Sounds like you need a new spark plug pack.


----------



## suzuki0702 (Apr 6, 2008)

what year is your ex? grandview could be right. when the cops go bad they sometimes just go suddenly or sometimes erradicly fail..chances are it wont throw a code... next time it does it, start disconnecting the plugs on top of the cops...if it gets worse, that isnt the cylinder with the problem, if it stays the same youve found the cylinder


----------



## gotsnow? (Mar 28, 2007)

Okay. the Exc is an '02


----------



## albhb3 (Dec 18, 2007)

you are freakin out...man


----------



## grec-o-face (Jul 7, 2009)

I agree. Coils go all the time.


----------



## plowguy43 (Jan 2, 2008)

albhb3;1010697 said:


> you are freakin out...man


hahahahaha speeding and....speeding and


----------



## grec-o-face (Jul 7, 2009)

plowguy43;1010703 said:


> hahahahaha speeding and....speeding and


I can't believe I didn't catch that~!!!!! AWESOME!!


----------



## albhb3 (Dec 18, 2007)

plowguy43;1010703 said:


> hahahahaha speeding and....speeding and


littering and littering and smokin the reefer.... aw officer that isnt.... and to teach you boys a lesson me and office rabbit were gonna stand here until you smoke the whole bag.... please no!:laughing:


----------



## plowguy43 (Jan 2, 2008)

I knew it was something else, I just couldn't remember the exact line! The Schnozberries taste like Schnozberries!


----------



## gotsnow? (Mar 28, 2007)

plowguy43;1010719 said:


> I knew it was something else, I just couldn't remember the exact line! The Schnozberries taste like Schnozberries!


I'm glad somebody finally caught on to the subtle title!


----------



## gotsnow? (Mar 28, 2007)

but in all actuality, I will check the coils. Thanks guys, wasn't quite sure where to start when the problem "fixed itself"


----------



## scottyknows50 (Feb 19, 2010)

Candybars!


----------



## sidthss (Oct 23, 2009)

Hey guys, anybody got a liter of cola?


----------



## plowguy43 (Jan 2, 2008)

I don't want a large farva


----------



## nixray (Jan 31, 2008)

Chicken ***(er


----------



## plowguy43 (Jan 2, 2008)

The de-licing tastes delicious.


----------



## gotsnow? (Mar 28, 2007)

License and registration meow!


----------



## deere615 (Jun 1, 2007)

Right meow. did he just say meow? Great movie!


----------



## plowguy43 (Jan 2, 2008)

The next person to say Shinnanigans is going to get Pistol Whipped!



Hey Farva, whats that restaurant your always talking about, you know, the one with all the stuff on the walls?

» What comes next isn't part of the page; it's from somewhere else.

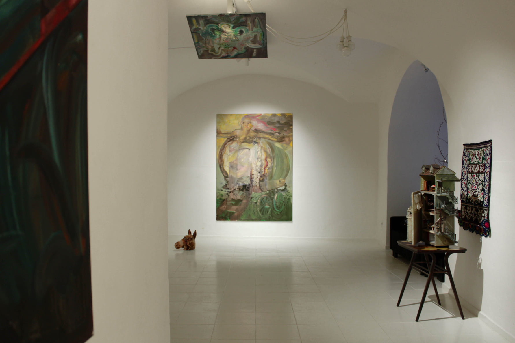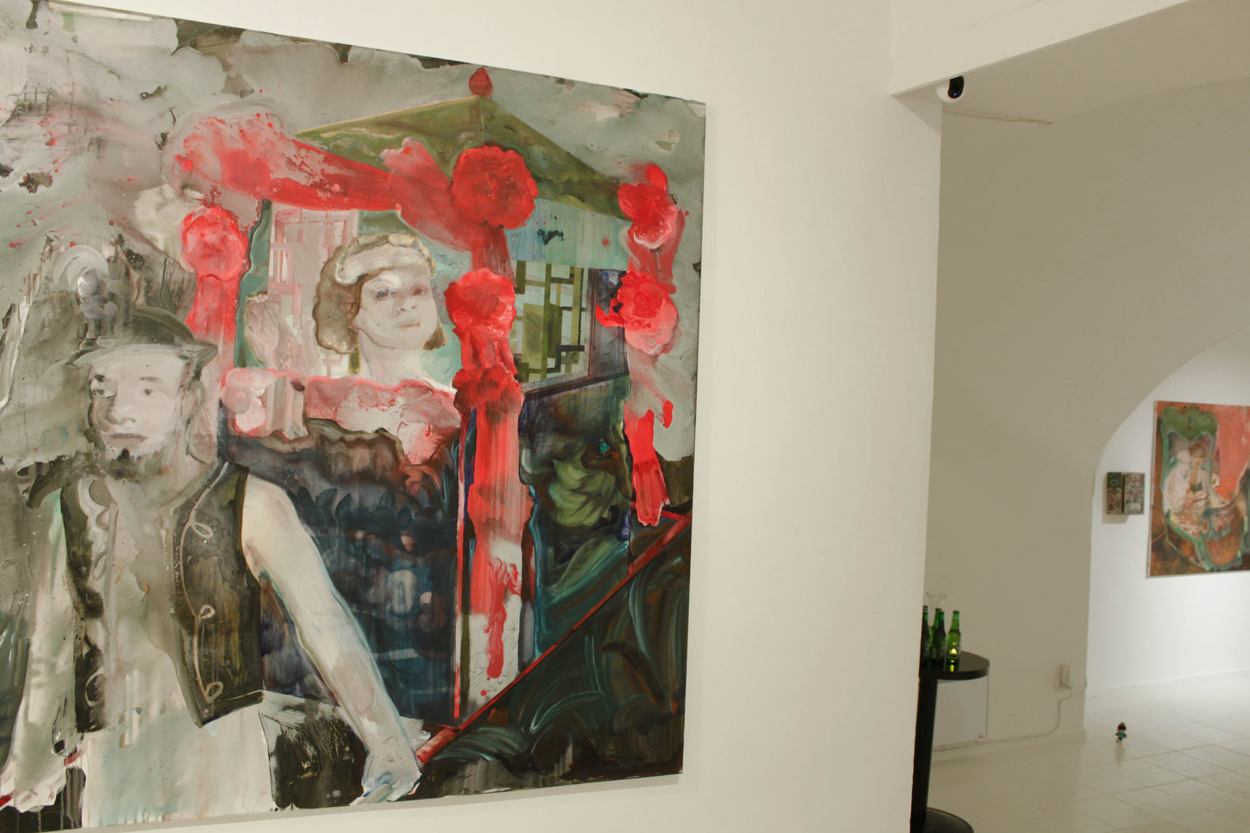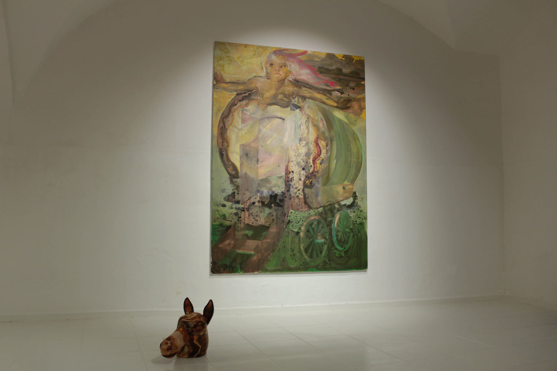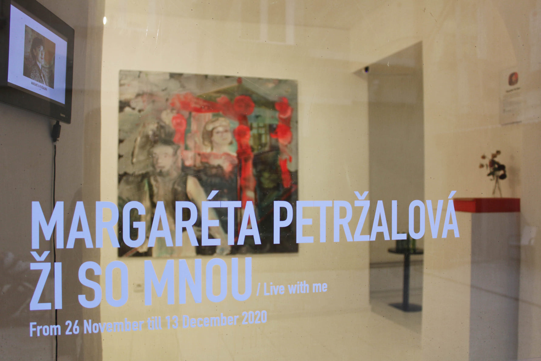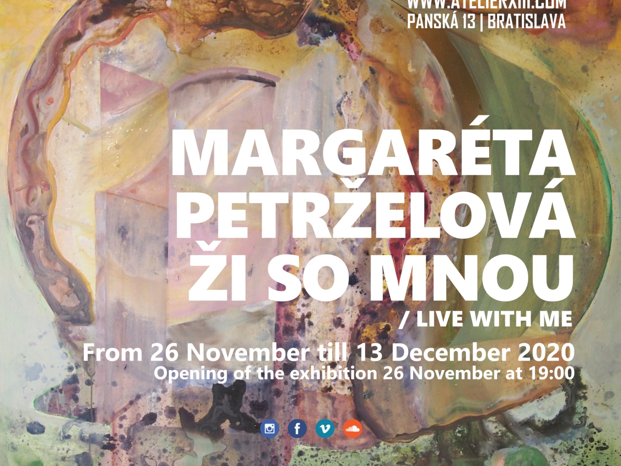 Výstava Margaréty Petržalovej s priamočiarym názvom Ži so mnou je osobnou sondou umelkyne na tému partnerského spolužitia. Skúma špecifickú dynamiku vzťahu a potrieb ‘praktického chlapa’ túžiaceho po teple domova a umelkyne, ktorá sa identifikuje ako maliarka, keramička, zberateľka, nomádka, princezná, budoárová dáma. Ak by mal teda budoár štyri kolesá a jej kráľovstvo by sa nachádzalo nie na pevnom mieste, ale v čase. Margarétina láska k veciam z bazárov, predovšetkým ku starým lekárničkám, je bezhraničná a vytvára z nich čarovné objekty koketujúce s gýčom. Jej partner si musí zvykať nielen na jej neustále zdobenie všetkého maľovaním, falošnou intarziou či keramikou, ale aj na Margarétinu prirodzenosť zapúšťať korene do ľudí namiesto do miest. A možno aj na to, že je na týchto najnovších, intímnych a zároveň láskavo humorných (auto)portrétoch prítomný neoddeliteľne a navždy s ňou. Na obrazoch (a zatiaľ v jej fantázii) ju v ľudovom kroji nosí v čínskom sedan chair alebo spoločne ležia v akejsi gondolovej posteli s barokovým anjelíčkom na čele. Oproti predošlým figuratívnym maľbám však Margaréta stíšila kontrasty a ostré prechody farieb a foriem v prospech citlivejšej polohy. S farbou však stále narába hedonisticky, využíva jej potenciál vytvárať štruktúry a navodzovať rozličné materiály pomocou rozpíjania a uvoľneného rukopisu. Výstava Ži so mnou je dvojitou výzvou – pre Margarétiných najbližších, ale aj známo-neznámych galerijných návštevníkov a návštevníčky. Ako hovorí: ”Divák či diváčka si zvolí, či bude žiť s mojím umením. Lukáško si zvolil, že bude žiť so mnou.”

Shinnanigans! Its Shinnanigans right?

Ohhhhhhhh!!!!


----------



## jr4x495 (Jan 12, 2004)

My 01 F350 did that once while towing my 14,000 pound dozer checked codes found sensor in head had seen head overheat and sent engine in to fail safe mode just changed sensor and no more problems.


----------



## Stik208 (Oct 19, 2004)

Who wants a moustache ride?


----------



## ajslands (Sep 3, 2009)

The snosberries taste like snosberries!


----------



## ajslands (Sep 3, 2009)

Oh you burger punk, you SOB


----------



## gotsnow? (Mar 28, 2007)

jr4x495;1014185 said:


> My 01 F350 did that once while towing my 14,000 pound dozer checked codes found sensor in head had seen head overheat and sent engine in to fail safe mode just changed sensor and no more problems.


I'm thinking overheated sensor maybe.. I was pushing alot of really wet/heavy snow that day, had been for about six hours straight.


----------